(Raw data Opens)

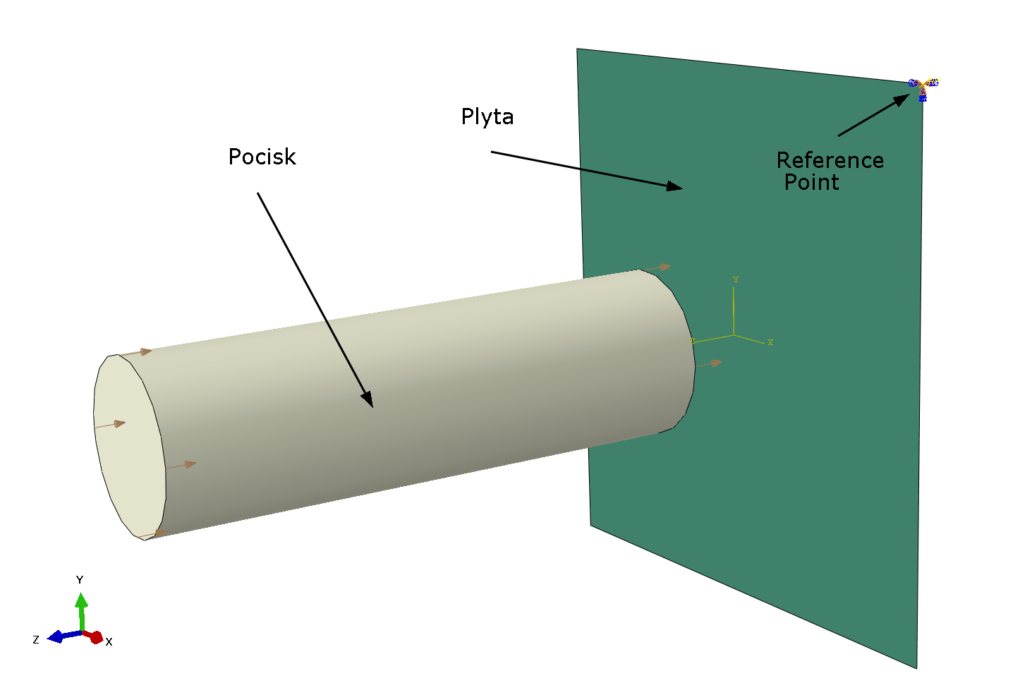 Celem ćwiczenia jest przeprowadzenie analizy numerycznej procesu deformacji pocisku uderzającego w sztywną płytę. Każdy student powinien samodzielnie przyjąć kształt pocisku oraz jego parametry geometryczne. Płyta będzie modelowana jako ciało sztywne, natomiast pocisk jako ciało podatne na odkształcenia. W tym konkretnym przypadku będzie to materiał sprężysto-plastyczny. Warunki brzegowe analizy obejmują:
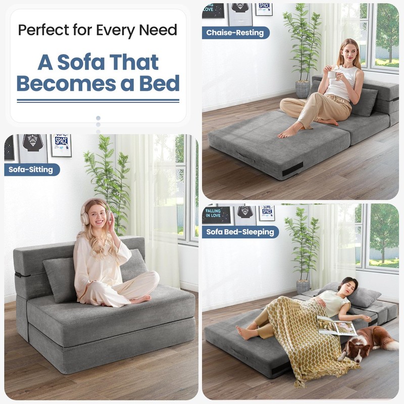 - Convertible Design & Multi-Functional Use: Effortlessly transform this folding sofa bed into four versatile shapes: sofa, bed, lounger, or storage space; Perfect as a sleeper sofa or kids' play mat or a sleeper chair for daytime relaxation.
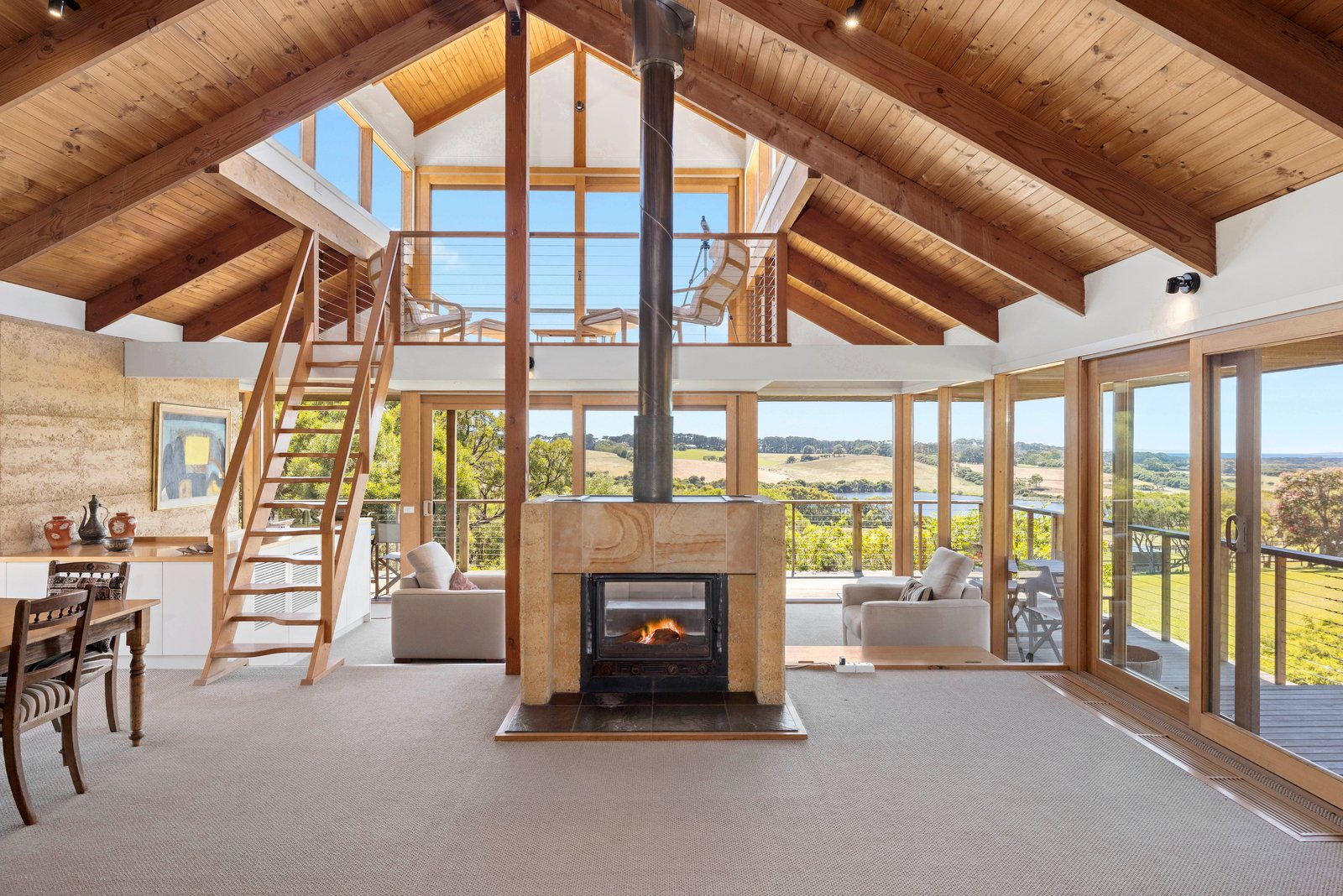 Originally designed by Architect John Baird, the superbly crafted angles utilise the summer and winter sun, showcasing the unique connection between architecture and nature, with Baird’s influence evident in the use of eco-friendly materials and seamless integration with the surrounding landscape. More recently, an extension by Architect Russell Barrett has emphasised the design, opening up the floor plan to maximise the views and utilising the thermal qualities of rammed earth and double glazing.

(Raw data Closes)

[What to work on]
Give back each line above exactly, with pictures dropped.

[Answer for this exercise]
 Celem ćwiczenia jest przeprowadzenie analizy numerycznej procesu deformacji pocisku uderzającego w sztywną płytę. Każdy student powinien samodzielnie przyjąć kształt pocisku oraz jego parametry geometryczne. Płyta będzie modelowana jako ciało sztywne, natomiast pocisk jako ciało podatne na odkształcenia. W tym konkretnym przypadku będzie to materiał sprężysto-plastyczny. Warunki brzegowe analizy obejmują:
 - Convertible Design & Multi-Functional Use: Effortlessly transform this folding sofa bed into four versatile shapes: sofa, bed, lounger, or storage space; Perfect as a sleeper sofa or kids' play mat or a sleeper chair for daytime relaxation.
 Originally designed by Architect John Baird, the superbly crafted angles utilise the summer and winter sun, showcasing the unique connection between architecture and nature, with Baird’s influence evident in the use of eco-friendly materials and seamless integration with the surrounding landscape. More recently, an extension by Architect Russell Barrett has emphasised the design, opening up the floor plan to maximise the views and utilising the thermal qualities of rammed earth and double glazing.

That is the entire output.